** RECORDED INFORMATION follows **

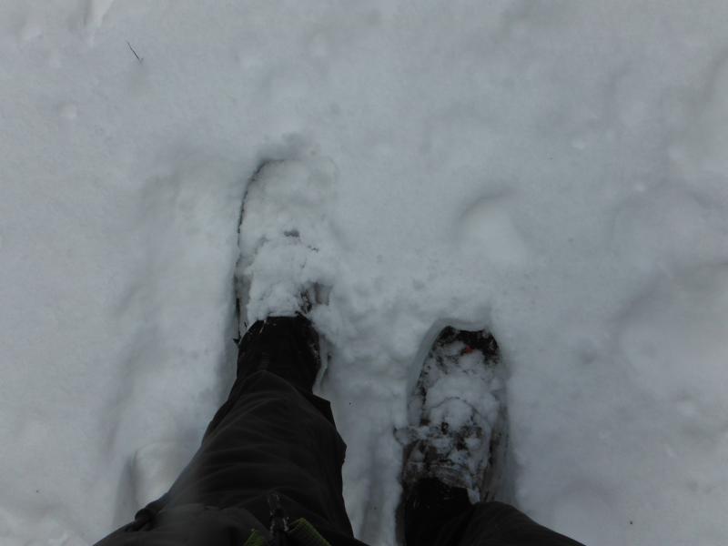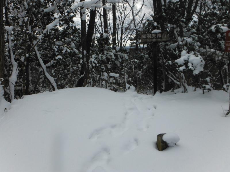 雪は予想よりもはるかに多く、天満神社分岐から山頂に向かう道はスノーシューがなければ軽く30㎝は埋まる状態で、持参したMSRライトニングアッセントでサクサク歩いてきました。
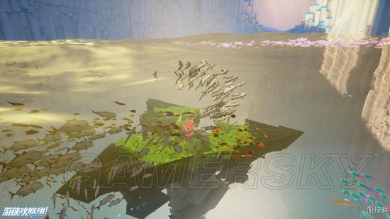 Part2-到通道处时,根据提示骑上“歌利亚石斑鱼”,游过出口,来到很多海草的水域。尽管游戏在水下,但是在海底依然标出了路线,让寻找水潭变得简单了许多。这个区域一共可以发现四个水潭,一个贝壳,一个冥想雕像,三个伙伴。
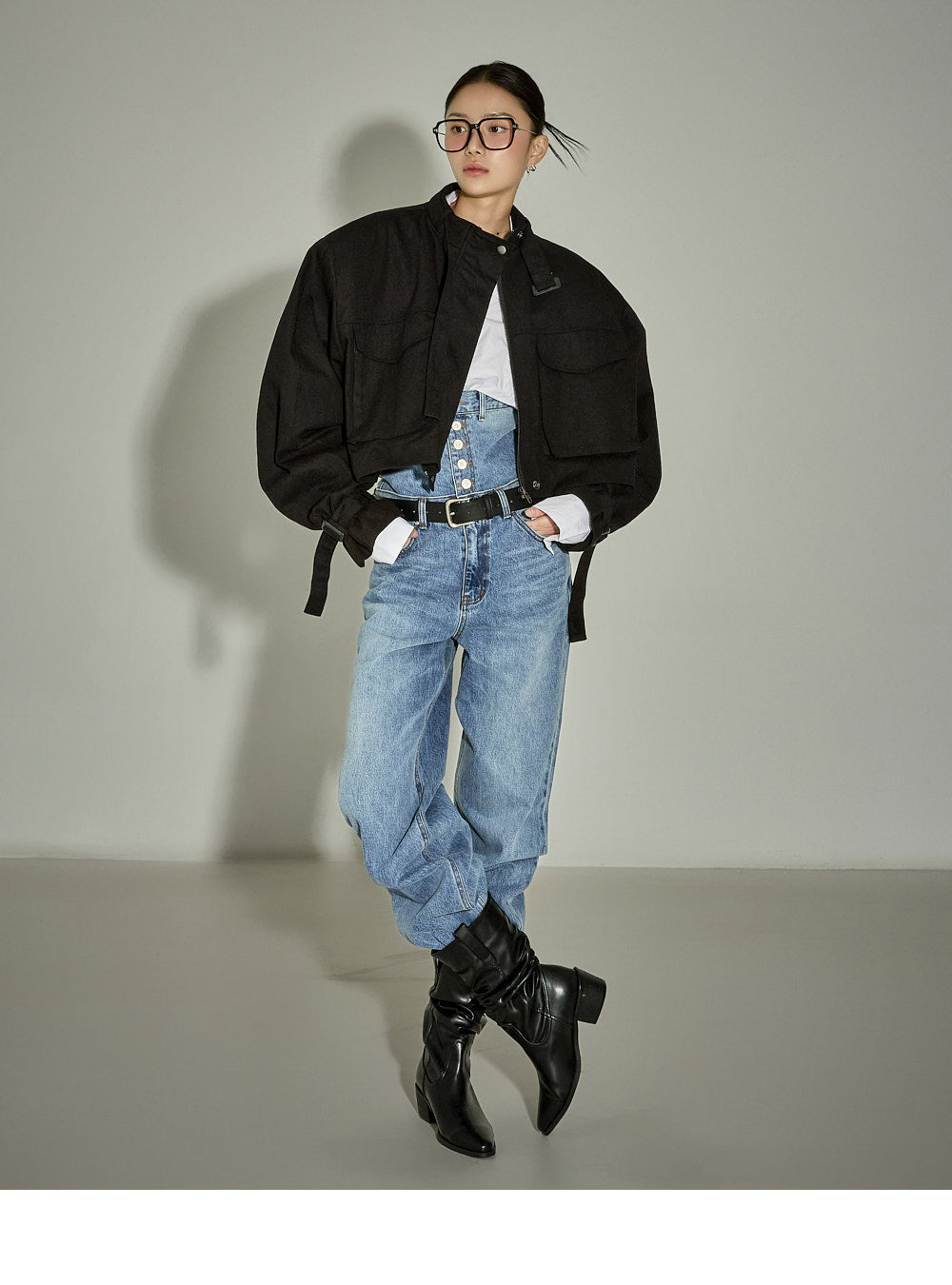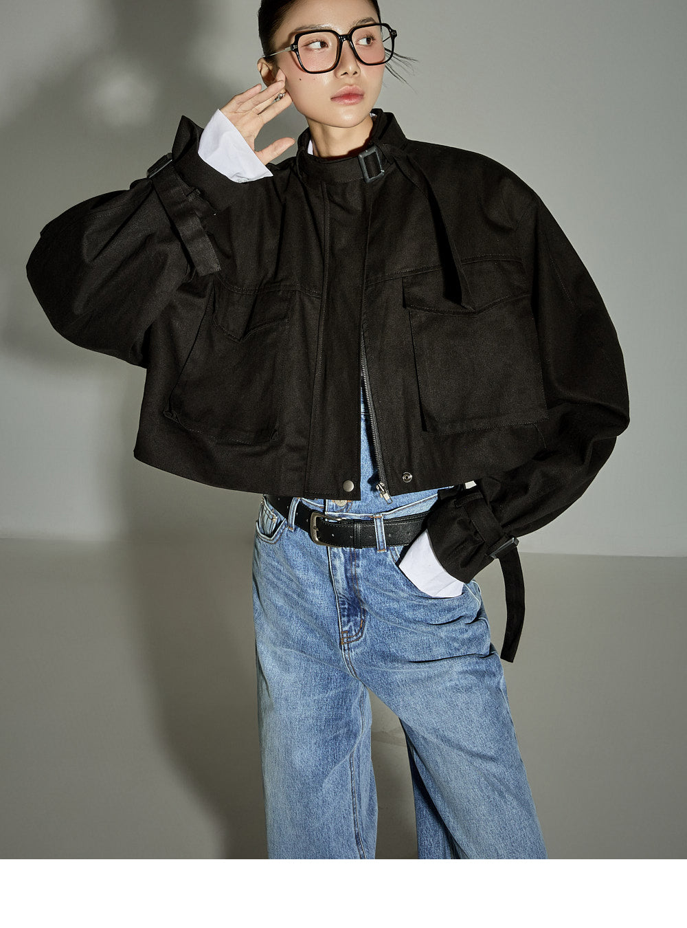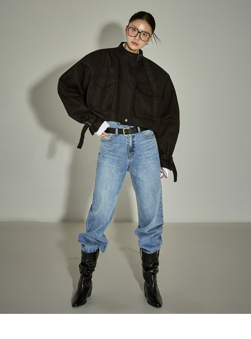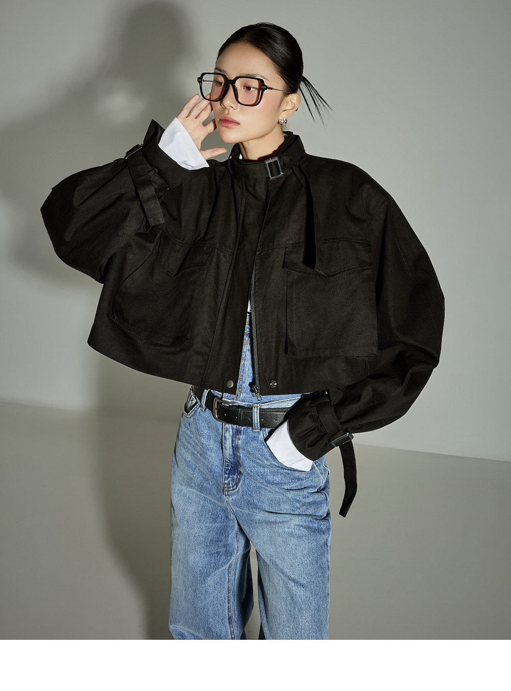 The loose-fitting silhouette and cropped length create a trendy look.

** End of RECORDED INFORMATION **

The listing above should be returned word for word, with pictures omitted.

_EXPECTED ANSWER:_
 雪は予想よりもはるかに多く、天満神社分岐から山頂に向かう道はスノーシューがなければ軽く30㎝は埋まる状態で、持参したMSRライトニングアッセントでサクサク歩いてきました。
 Part2-到通道处时,根据提示骑上“歌利亚石斑鱼”,游过出口,来到很多海草的水域。尽管游戏在水下,但是在海底依然标出了路线,让寻找水潭变得简单了许多。这个区域一共可以发现四个水潭,一个贝壳,一个冥想雕像,三个伙伴。
 The loose-fitting silhouette and cropped length create a trendy look.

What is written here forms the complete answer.